● **PROBLEM**: Reproduce exactly, and only, the lines of the material below running from the line bearing "Il pesante macchinario" through the line bearing "圖為日喀則站客運(yùn)工". Leave any pictures out.

● **WORKING DATA**:

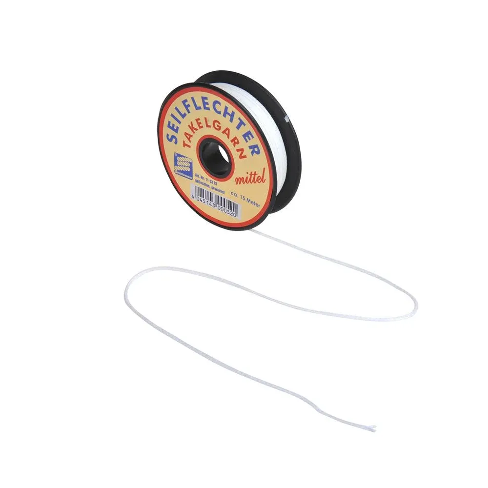 Giv dit tovværk en professionel finish med Seilflechter takelgarn. Dette medium, tykke og voksede garn er ideelt til takling af rebender, så de ikke flosser, samt til fremstilling af stærke og holdbare øjer. Med en længde på ca. 15 meter får du rigeligt garn til flere projekter – perfekt til sejlads, camping, outdoor og gør-det-selv arbejde, hvor reparation og forstærkning af tovværk er nødvendigt. Den voksede overflade gør garnet både slidstærkt og let at arbejde med, så du opnår en stram og sikker afslutning hver gang.
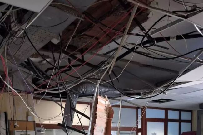Il pesante macchinario dell'aria condizionata si è improvvisamente staccato dal suo ancoraggio e cadendo ha provocato anche il crollo di molti pannelli di cartongesso della controsoffittatura e di alcune tubature.
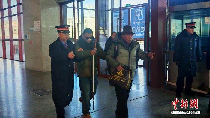 圖為日喀則站客運(yùn)工作人員幫扶盲人進(jìn)站候車。拉薩車務(wù)段 供圖
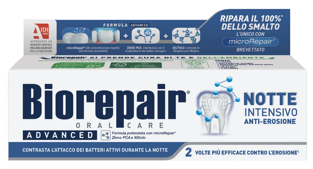 Biorepair Intensive Night Anti-erosion Зубная паста против эрозии эмали ночной уход без фтора укрепляет эмаль и защищает зубы. Паста зубная предназначена для ежедневной гигиены полости рта с целью обеспечения длительной защиты от кариеса, снижения растворимости и укрепления зубной эмали.
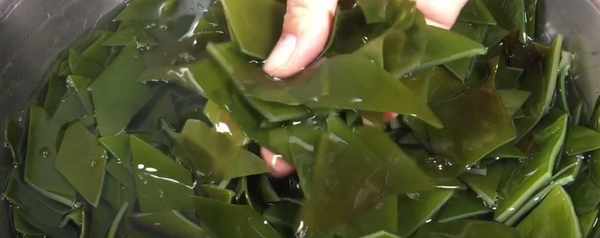 1、準備一些海帶,將表面的鹽微微洗幹凈,就將海帶放案板上,給它切成菱形塊,再放入清水盆中浸泡兩個小時左右,讓它能充分去鹽。
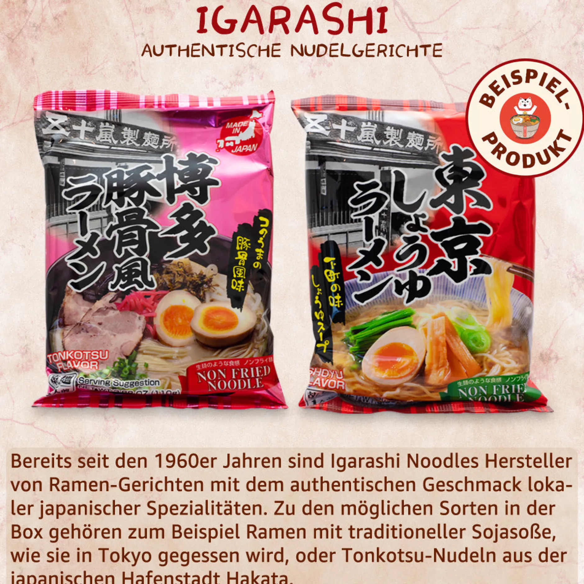 Mit dieser Ramen-Box reist du zum Ursprung der Instant-Nudeln, nämlich nach Japan! Dort gelang es Momofuku Ando vor über 60 Jahren zum ersten Mal frische Nudeln durch Frittieren haltbar zu machen. Während er sie eigentlich als Notnahrung für Krieg oder Umweltkatastrophen gedacht hatte, sind Instant-Ramen heute vor allem deswegen beliebt, weil sie so einfach zuzubereiten und trotzdem lecker sind.

● **ANSWER TO THE PROBLEM**:
Il pesante macchinario dell'aria condizionata si è improvvisamente staccato dal suo ancoraggio e cadendo ha provocato anche il crollo di molti pannelli di cartongesso della controsoffittatura e di alcune tubature.
 圖為日喀則站客運(yùn)工作人員幫扶盲人進(jìn)站候車。拉薩車務(wù)段 供圖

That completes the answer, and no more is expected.